Now a team of researchers from Kyoto University has developed a chip-like plate on which human pluripotent stem cells (hPSCs) can be raised in optimal, three-dimensional (3D) conditions. hPSCs have enormous potential for cell-based therapies, regenerative medicine, and drug screening, as well as other uses in medicine and health. Consequently, there is great scientific need to grow these cells reliably—including embryonic and induced pluripotent stem cells (hESCs and hiPSCs)—to meet such needs.
In this new study, investigators describe their new microfluidic device, which in combination with a thermoresponsive gel allows for the creation of an ideal, artificial microenvironment for hPSC culture and analysis. The findings from the study were published recently in Advanced Healthcare Materials in an article entitled “Characterization of Phenotypic and Transcriptional Differences in Human Pluripotent Stem Cells under 2D and 3D Culture Conditions.”

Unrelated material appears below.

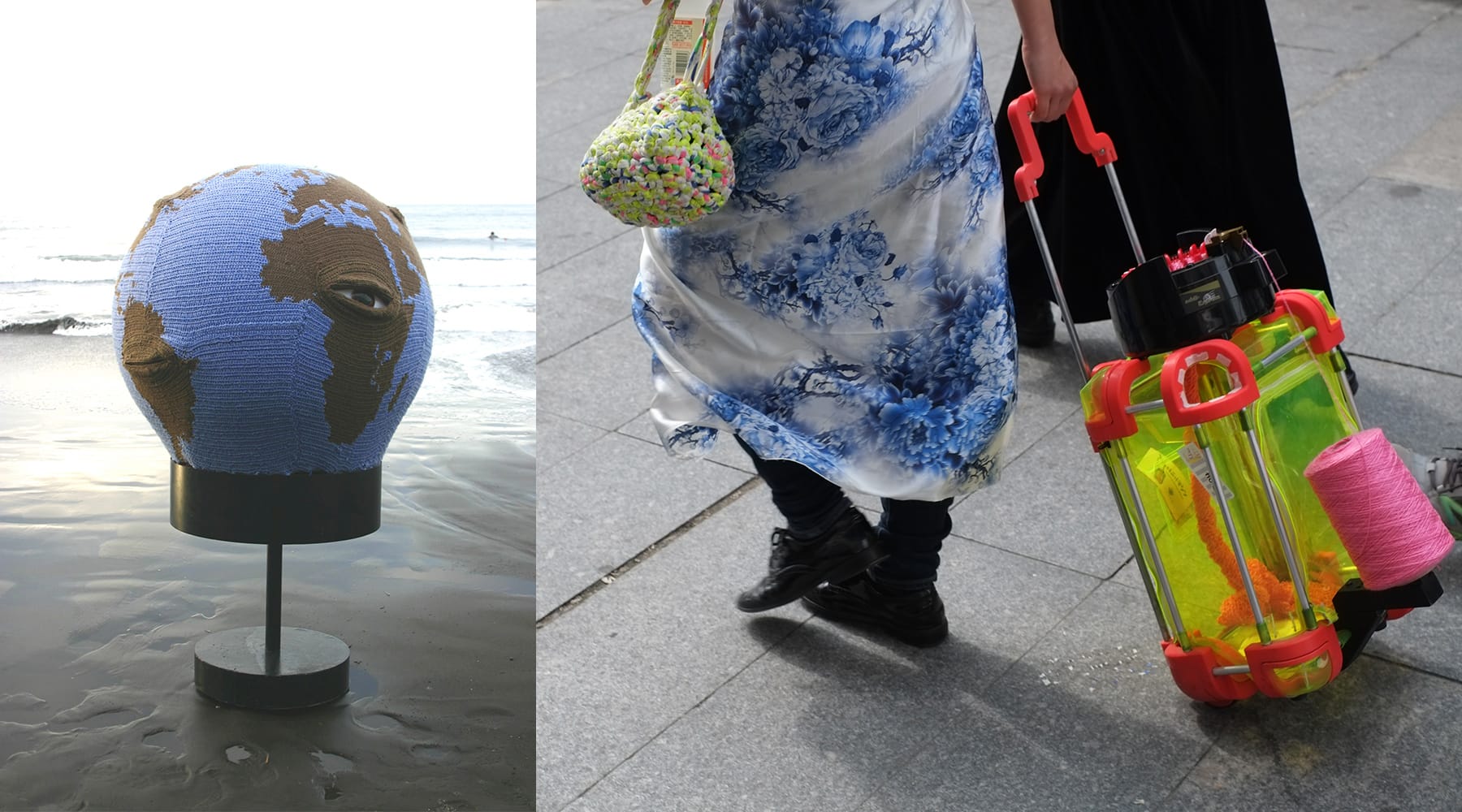 その後は、糸と針さえあればどこでもできるという編み物の良いところを活かして、訪れた先々でそこにある物を編み包んで自分の痕跡を残していくという作品をつくったり。子供が生まれたときは、スーツケースと編み機が合体したマシンを制作しました。子連れで散歩する際にスーツケースをゴロゴロ引くだけで自然と作品ができあがる《旅するニットマシン》という作品です。
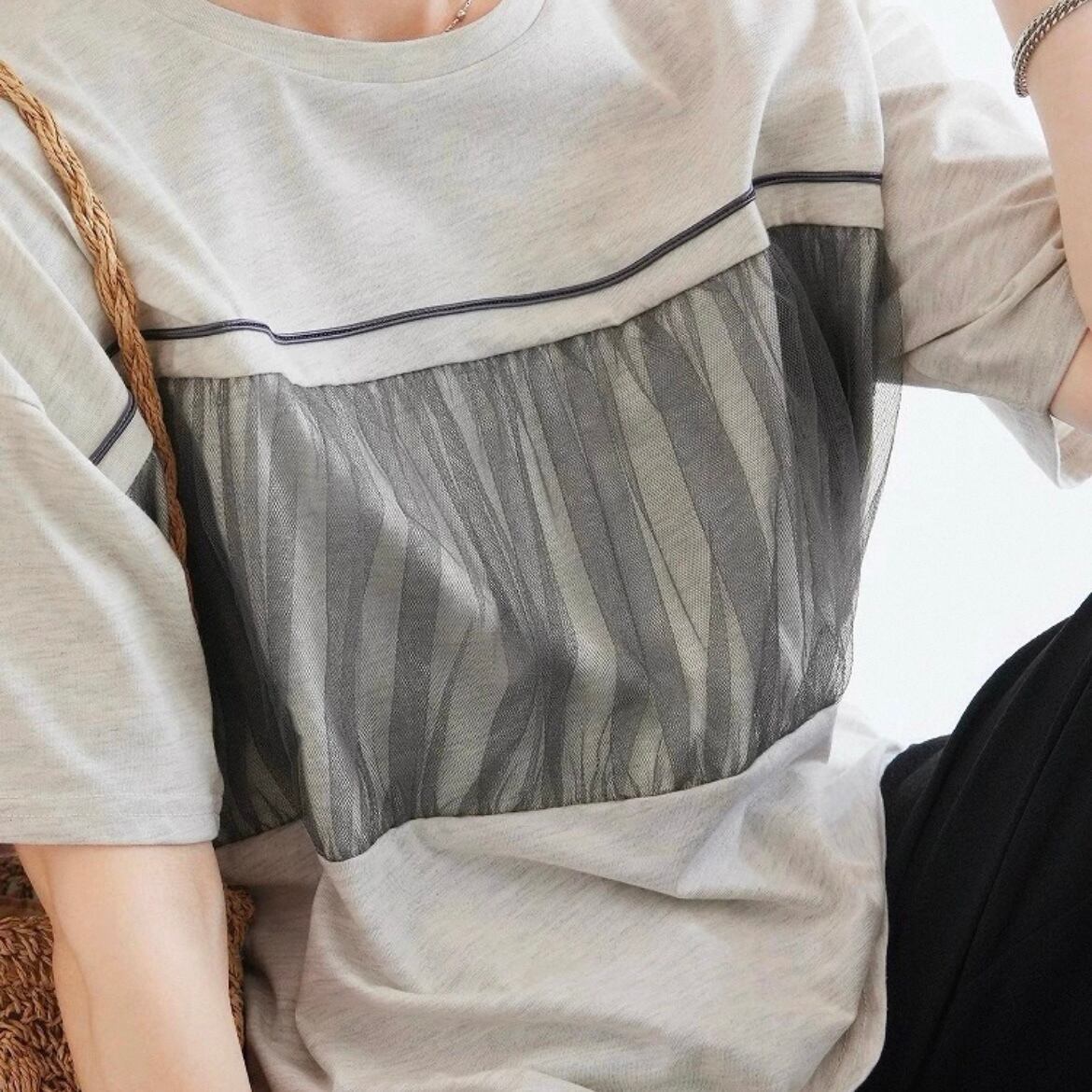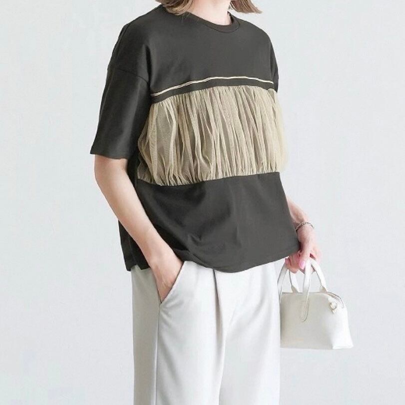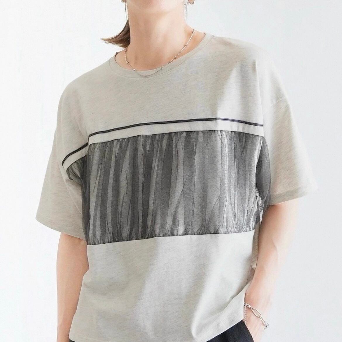 TS-0346 バイカラー チュールポイント Tシャツ トップス レディース カジュアル シンプル 可愛い お洒落 きれいめ 大人

The researchers noted that the thermoresponsive gel, which can be easily transformed into a liquid based on temperature, makes fine-tuning of the culture environment possible. Moreover, the authors report “a 3D cellular microenvironment plate (3D-CEP), which consists of a microfluidic device filled with thermoresponsive poly(N-isopropylacrylamide)-β-poly(ethylene glycol) hydrogel (HG), which enables systematic tuning of both chemical and physical environmental cues as well as in situ cell monitoring.” Furthermore, the researchers showed that “H9 human embryonic stem cells (hESCs) and 253G1 human induced pluripotent stem cells in the HG/3D-CEP system maintain their pluripotent marker expression under HG/3D-CEP self-renewing conditions.”
The Japanese researchers looked to use global gene expression analyses to elucidate small variations among different test environments for the hESCs. What they found was that “treatment of H9 hESCs under HG/3D-CEP self-renewing conditions results in initiation of entry into the neural differentiation process by induction of PAX3 and OTX1 expression,” leading the authors to conclude “that this HG/3D-CEP system will serve as a versatile platform for developing targeted functional cell lines and facilitate advances in drug screening and regenerative medicine.”

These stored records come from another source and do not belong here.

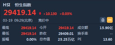 恒生指數(shù)開(kāi)盤(pán)漲0.03%,報(bào)29417.14點(diǎn)。國(guó)企指數(shù)漲0.06%,報(bào)11681.76點(diǎn)。紅籌指數(shù)跌0.12%,報(bào)4675.12點(diǎn)。大市盤(pán)前成交15.9億港元。隔夜美股三大股指集體收高。
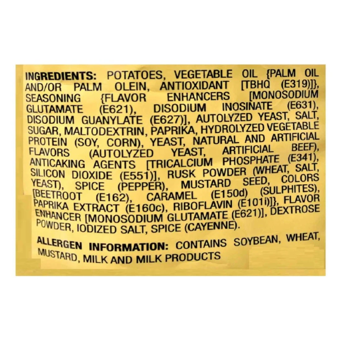 ingredients : Potatoes, Palm Oil, Barbecue Flavour, Salt, Sugar, Vegetable Oil, Malt Dextrin, Silicon Dioxide, Caramel Colour and Dextrose Powder
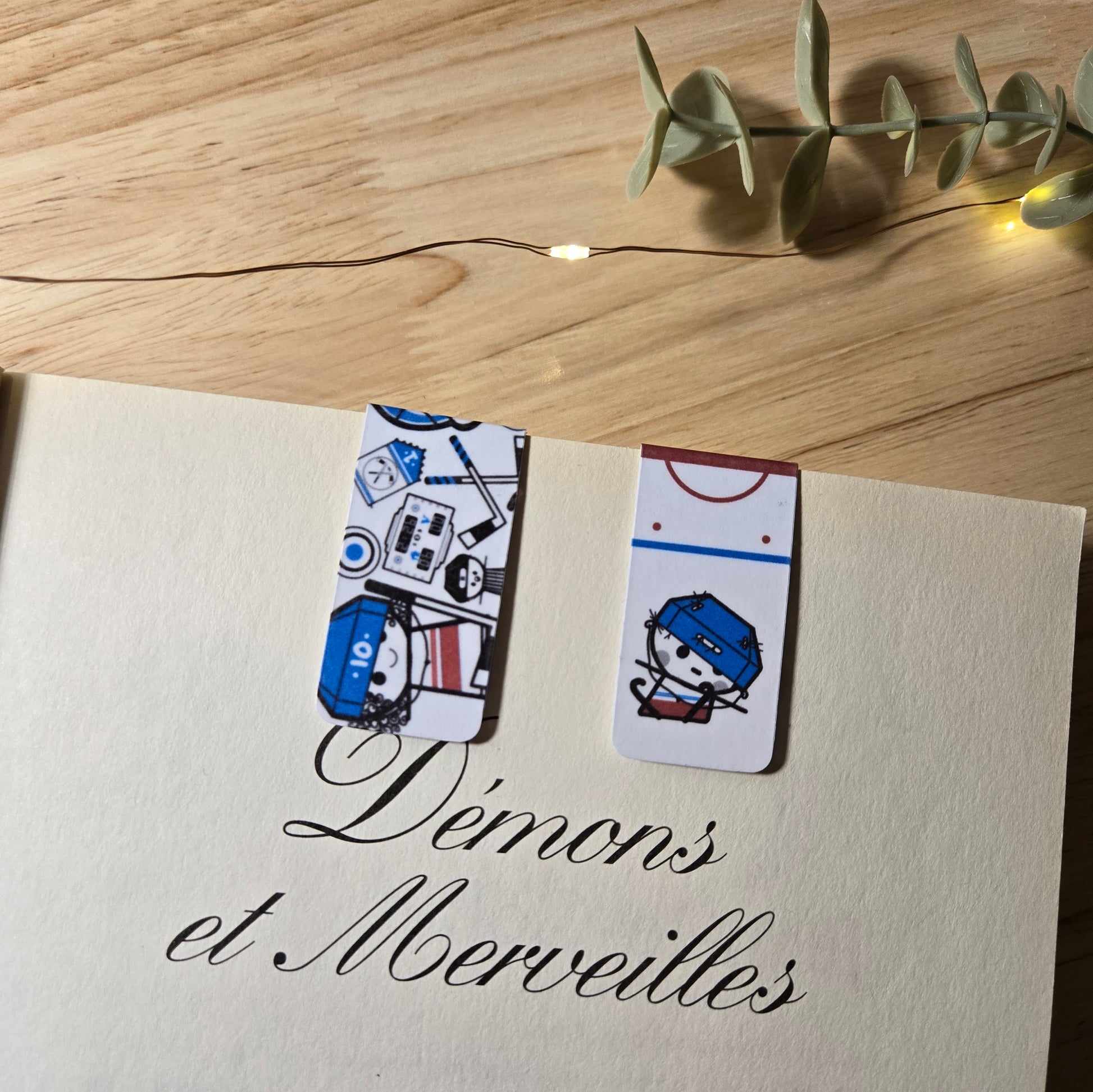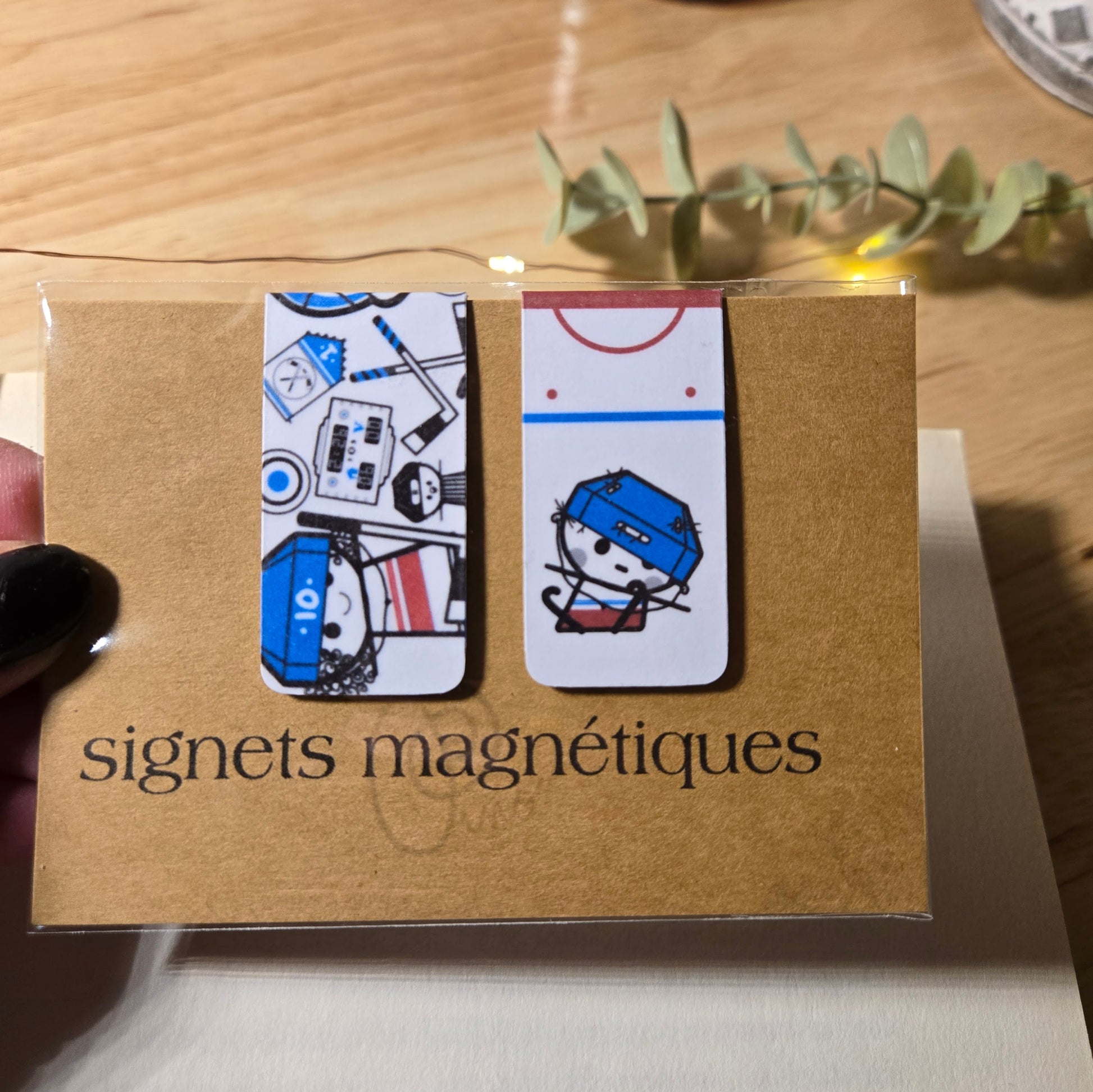 De la collection LA SOIRÉE DU HOCKEY, ce set de deux petits signets magnétiques est imprimé sur un carton mat et blanc et est laminé d'un côté. Il y a un aimant délicat au centre.
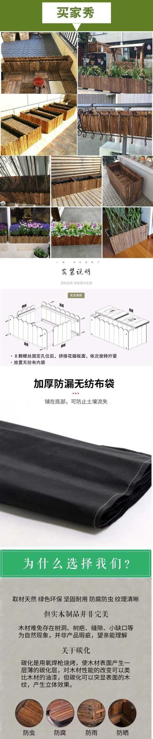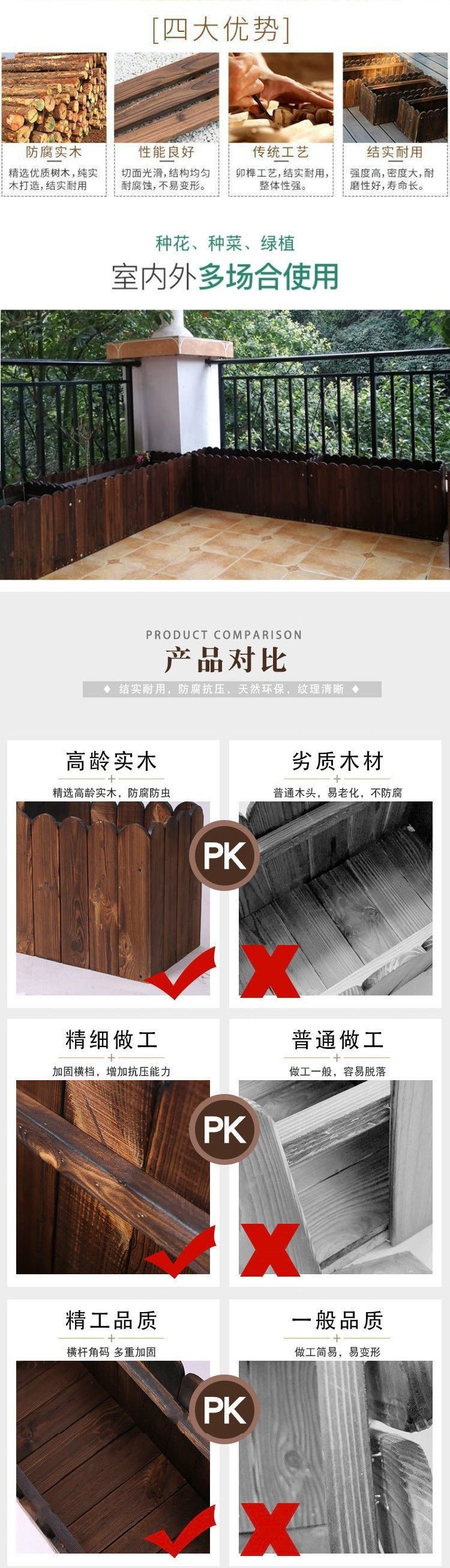 외장형 정원 꽃 냄비 단단한 나무 나무 꽃 상자 심기 상자 야외 발코니 꽃 상자 조합스토어 가기

The scientists are optimistic that this new technology will be of interest to researchers focused on an array of uses, such as microfluidic platform development and tissue engineering. Additionally, “organ on a chip” or “body on a chip” development efforts will be aided by the device, given its ability to recreate in vivo physiological conditions.
Finally, the authors believe that drug screening and chemical toxicological assays are also possible uses, given the chip’s ability to improve cell culture conditions—thereby obtaining more functional cells.